● **WHAT THE TASK REQUIRES**: Return only the lines from the start of the records through the line that contains "作務衣(34-FJ0704U", inclusive; leave out all pictures.

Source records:
····················

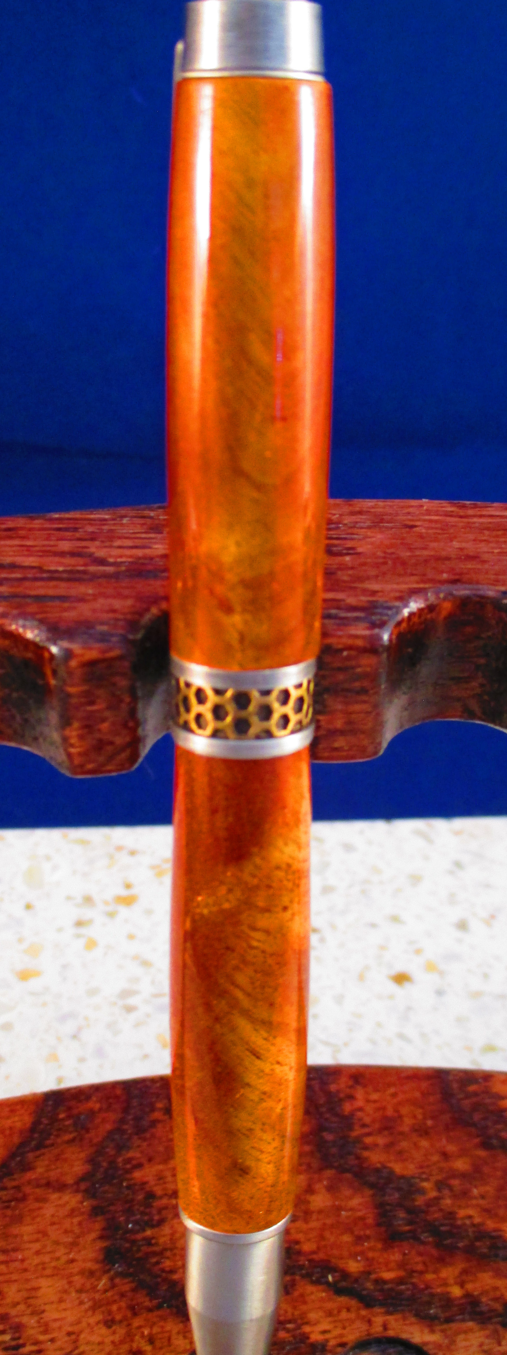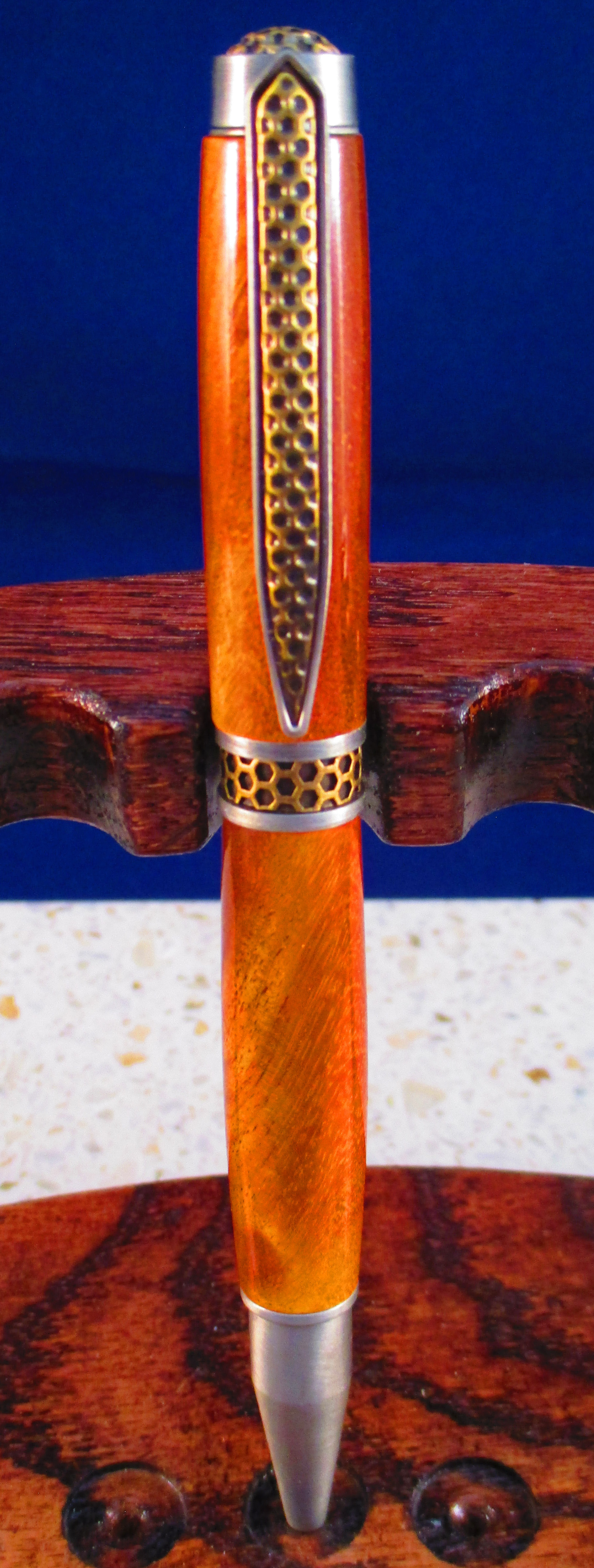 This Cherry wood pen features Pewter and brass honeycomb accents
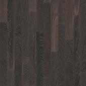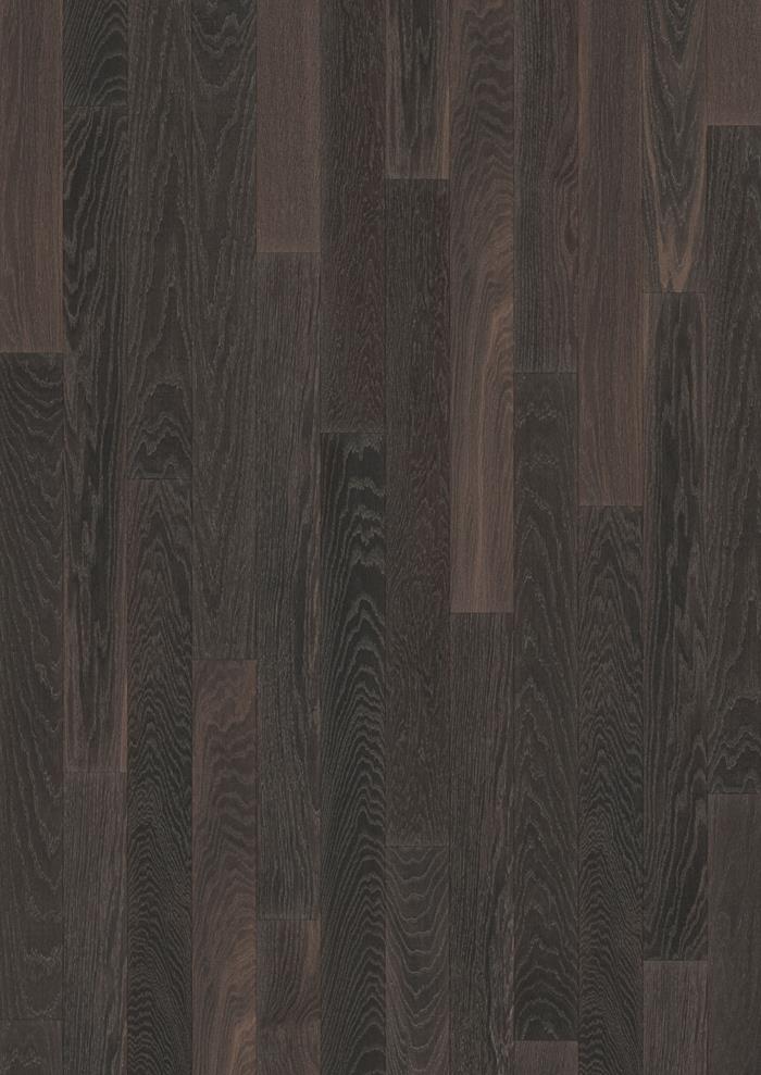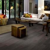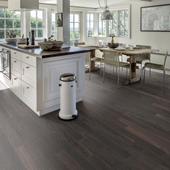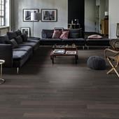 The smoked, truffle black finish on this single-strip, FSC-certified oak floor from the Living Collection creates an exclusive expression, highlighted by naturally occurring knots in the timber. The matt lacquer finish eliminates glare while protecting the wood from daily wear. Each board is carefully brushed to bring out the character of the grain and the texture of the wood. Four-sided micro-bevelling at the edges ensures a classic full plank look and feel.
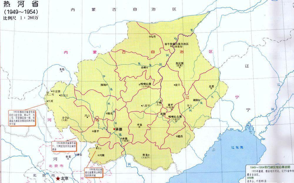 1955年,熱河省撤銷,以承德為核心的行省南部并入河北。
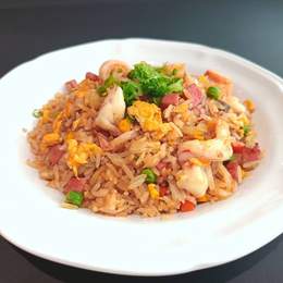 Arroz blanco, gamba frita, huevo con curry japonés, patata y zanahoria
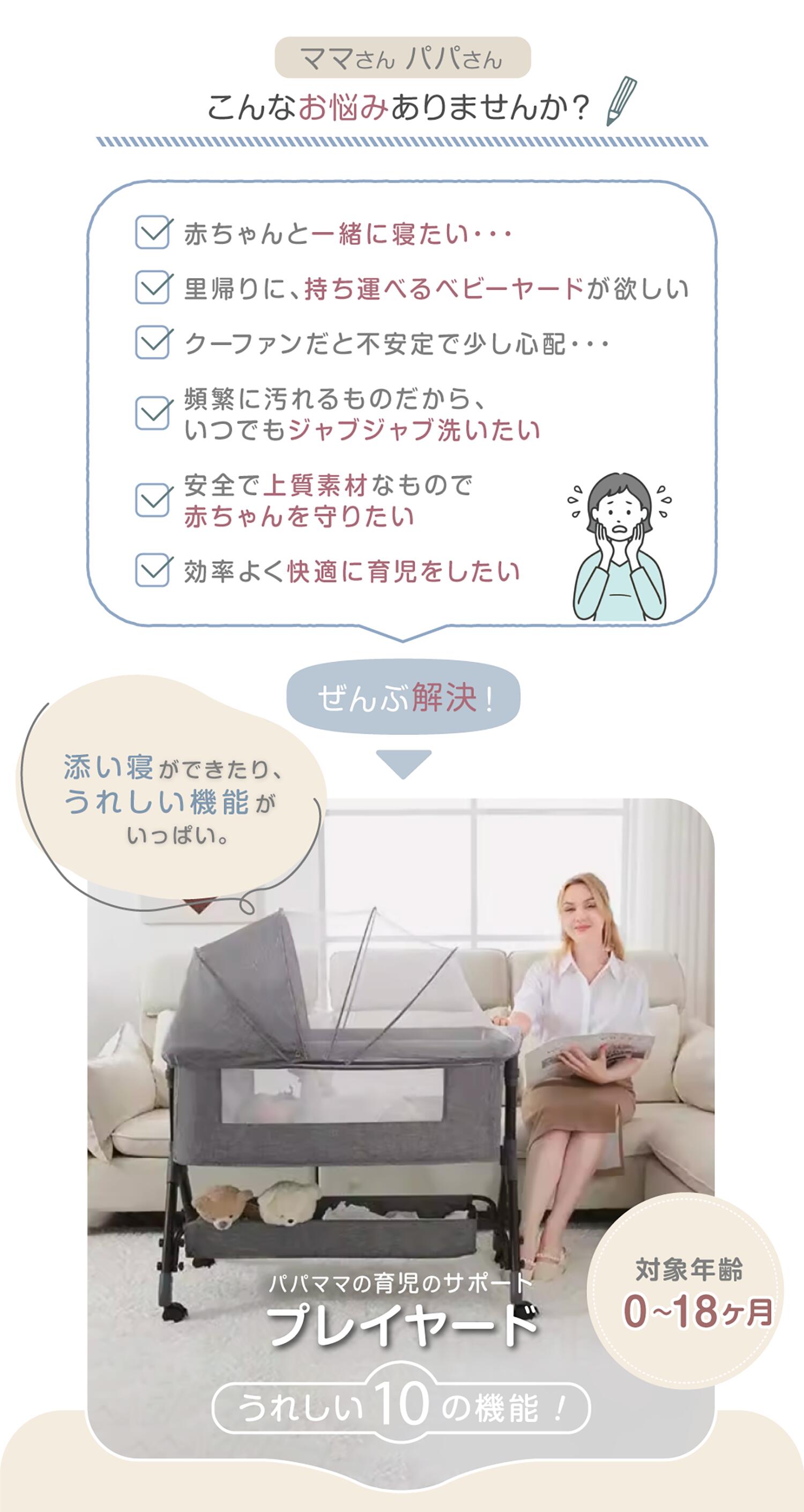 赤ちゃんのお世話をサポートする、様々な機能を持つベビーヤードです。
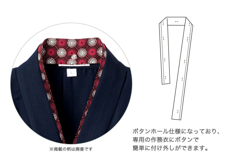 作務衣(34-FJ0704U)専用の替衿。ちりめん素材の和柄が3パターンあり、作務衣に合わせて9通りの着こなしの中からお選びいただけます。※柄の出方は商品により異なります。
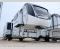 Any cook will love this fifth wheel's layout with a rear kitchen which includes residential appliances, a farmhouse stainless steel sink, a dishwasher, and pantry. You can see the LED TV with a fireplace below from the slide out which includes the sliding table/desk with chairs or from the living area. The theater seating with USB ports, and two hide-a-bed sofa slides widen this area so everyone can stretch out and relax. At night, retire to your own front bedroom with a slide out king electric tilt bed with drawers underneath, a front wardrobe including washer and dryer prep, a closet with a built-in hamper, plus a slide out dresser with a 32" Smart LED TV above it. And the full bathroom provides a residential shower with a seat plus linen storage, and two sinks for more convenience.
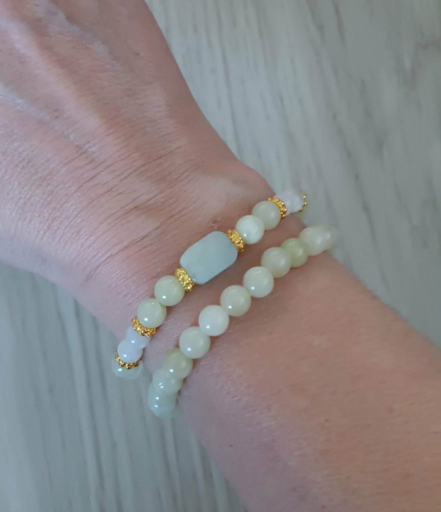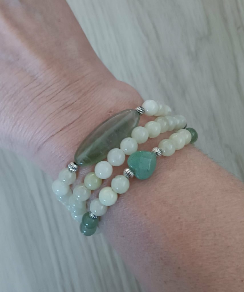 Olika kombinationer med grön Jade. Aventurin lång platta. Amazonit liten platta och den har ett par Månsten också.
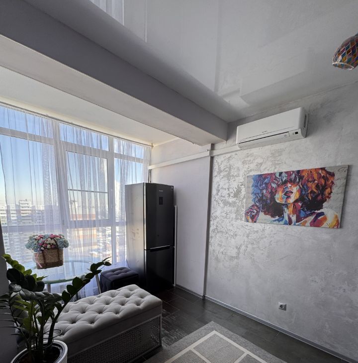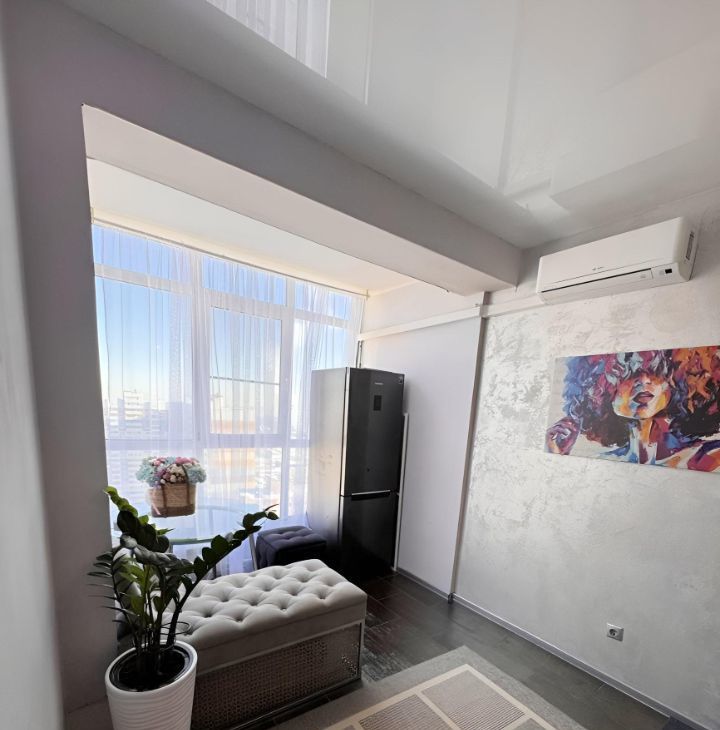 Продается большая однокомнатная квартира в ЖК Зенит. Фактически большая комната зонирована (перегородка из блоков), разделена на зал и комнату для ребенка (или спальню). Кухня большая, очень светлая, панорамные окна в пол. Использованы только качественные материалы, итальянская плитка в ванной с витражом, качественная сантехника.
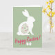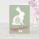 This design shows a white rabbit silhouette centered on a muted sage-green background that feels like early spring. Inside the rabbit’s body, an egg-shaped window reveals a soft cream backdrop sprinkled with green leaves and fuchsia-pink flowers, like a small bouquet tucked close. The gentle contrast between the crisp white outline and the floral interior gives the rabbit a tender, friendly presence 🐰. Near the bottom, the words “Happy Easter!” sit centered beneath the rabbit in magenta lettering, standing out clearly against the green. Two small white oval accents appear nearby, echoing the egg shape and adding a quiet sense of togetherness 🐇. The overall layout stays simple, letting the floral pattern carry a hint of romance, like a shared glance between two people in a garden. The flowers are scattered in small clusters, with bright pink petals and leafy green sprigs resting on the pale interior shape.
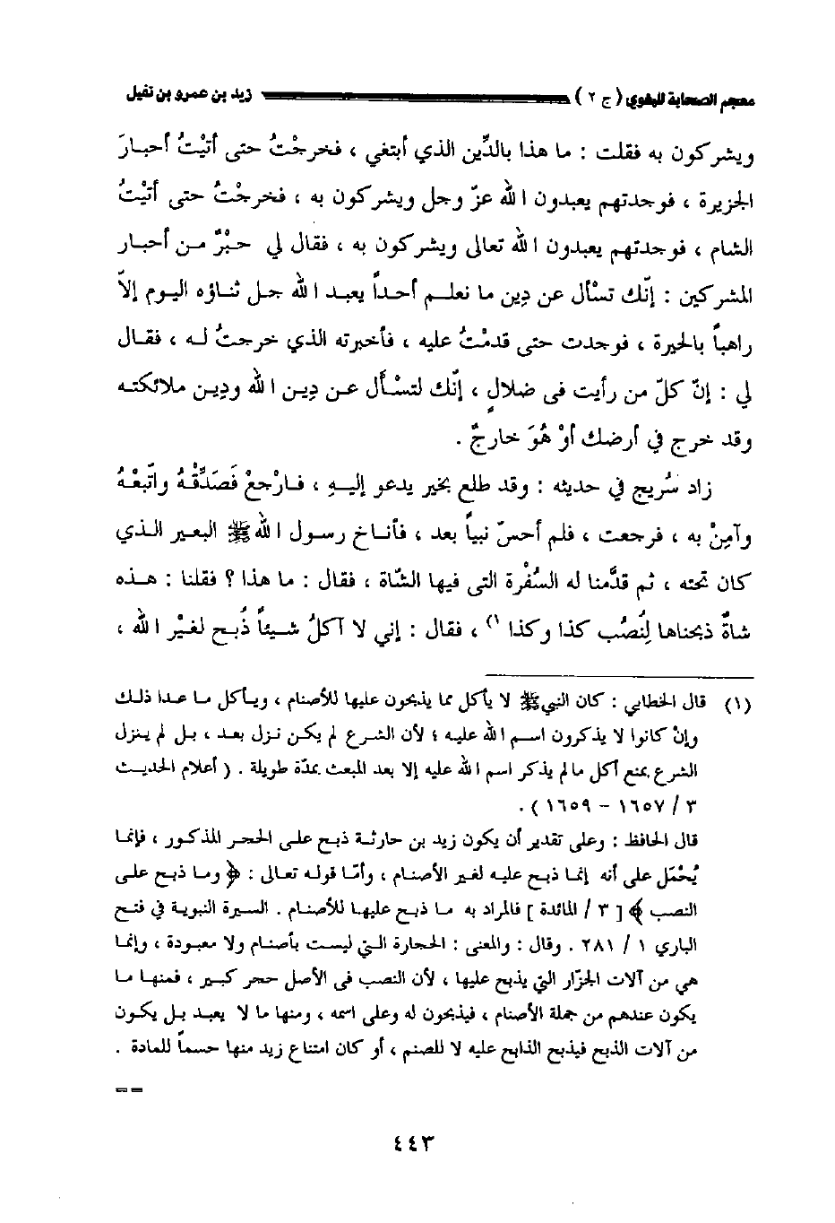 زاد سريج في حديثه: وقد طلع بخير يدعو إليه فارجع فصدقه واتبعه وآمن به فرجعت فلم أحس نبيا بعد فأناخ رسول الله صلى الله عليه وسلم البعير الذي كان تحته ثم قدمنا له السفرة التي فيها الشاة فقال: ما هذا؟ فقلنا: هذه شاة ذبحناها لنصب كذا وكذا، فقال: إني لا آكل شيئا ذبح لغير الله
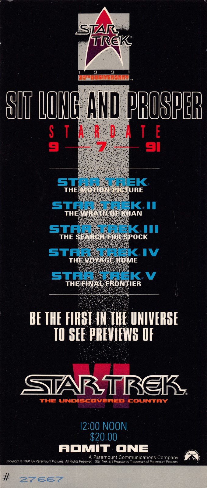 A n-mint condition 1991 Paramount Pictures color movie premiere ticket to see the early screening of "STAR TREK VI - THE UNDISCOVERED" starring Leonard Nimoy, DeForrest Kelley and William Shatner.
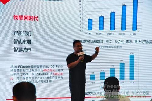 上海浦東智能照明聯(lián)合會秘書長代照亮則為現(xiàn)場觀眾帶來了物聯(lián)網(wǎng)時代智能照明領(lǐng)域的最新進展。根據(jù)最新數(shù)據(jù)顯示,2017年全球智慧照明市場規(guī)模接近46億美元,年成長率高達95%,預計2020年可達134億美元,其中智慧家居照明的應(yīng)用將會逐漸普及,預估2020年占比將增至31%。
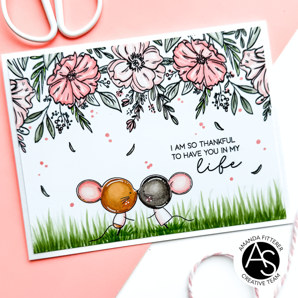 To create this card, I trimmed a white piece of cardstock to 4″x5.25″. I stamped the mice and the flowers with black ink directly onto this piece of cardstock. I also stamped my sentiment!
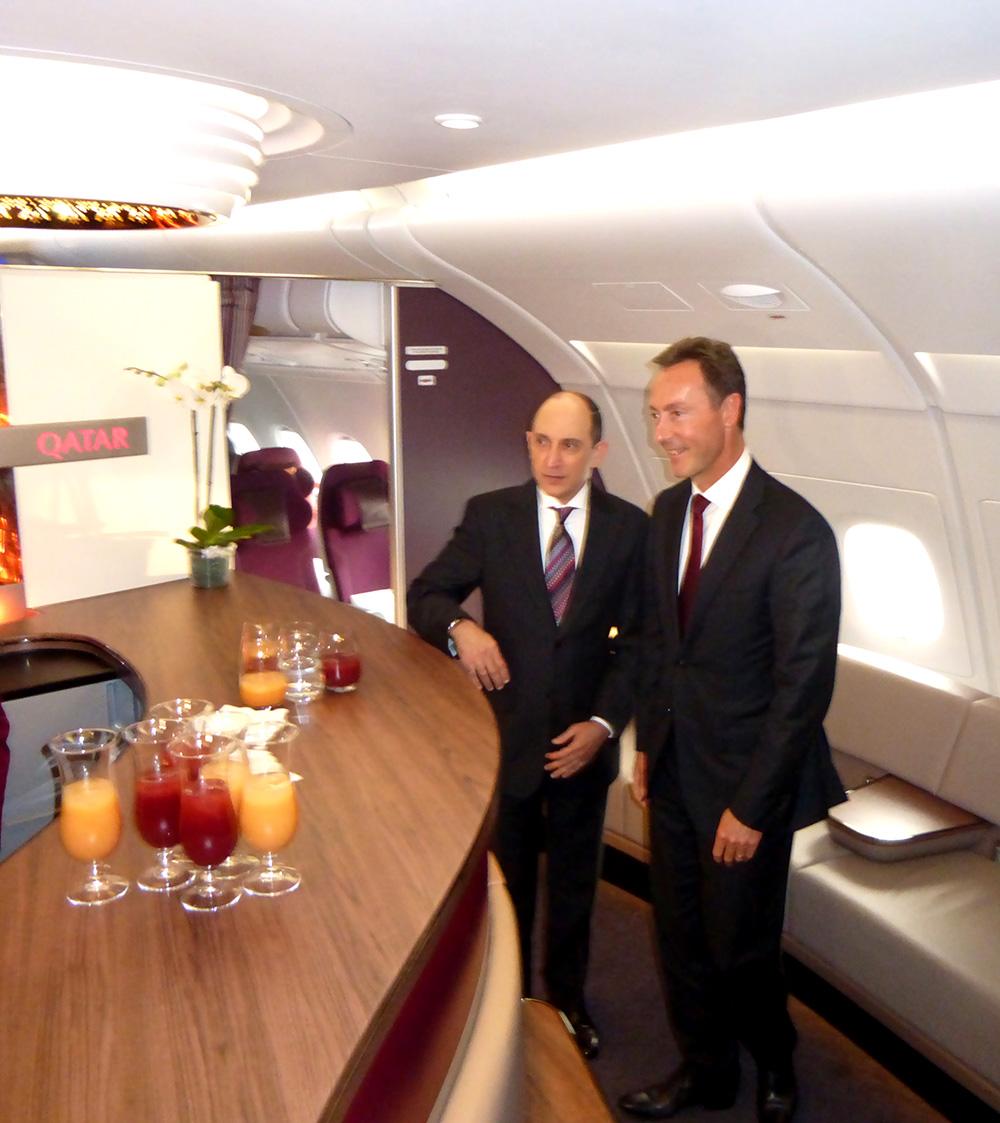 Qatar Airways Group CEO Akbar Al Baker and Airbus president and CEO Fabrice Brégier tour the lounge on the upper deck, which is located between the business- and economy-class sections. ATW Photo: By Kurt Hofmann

····················

● **TASK SOLUTION**:
 This Cherry wood pen features Pewter and brass honeycomb accents
 The smoked, truffle black finish on this single-strip, FSC-certified oak floor from the Living Collection creates an exclusive expression, highlighted by naturally occurring knots in the timber. The matt lacquer finish eliminates glare while protecting the wood from daily wear. Each board is carefully brushed to bring out the character of the grain and the texture of the wood. Four-sided micro-bevelling at the edges ensures a classic full plank look and feel.
 1955年,熱河省撤銷,以承德為核心的行省南部并入河北。
 Arroz blanco, gamba frita, huevo con curry japonés, patata y zanahoria
 赤ちゃんのお世話をサポートする、様々な機能を持つベビーヤードです。
 作務衣(34-FJ0704U)専用の替衿。ちりめん素材の和柄が3パターンあり、作務衣に合わせて9通りの着こなしの中からお選びいただけます。※柄の出方は商品により異なります。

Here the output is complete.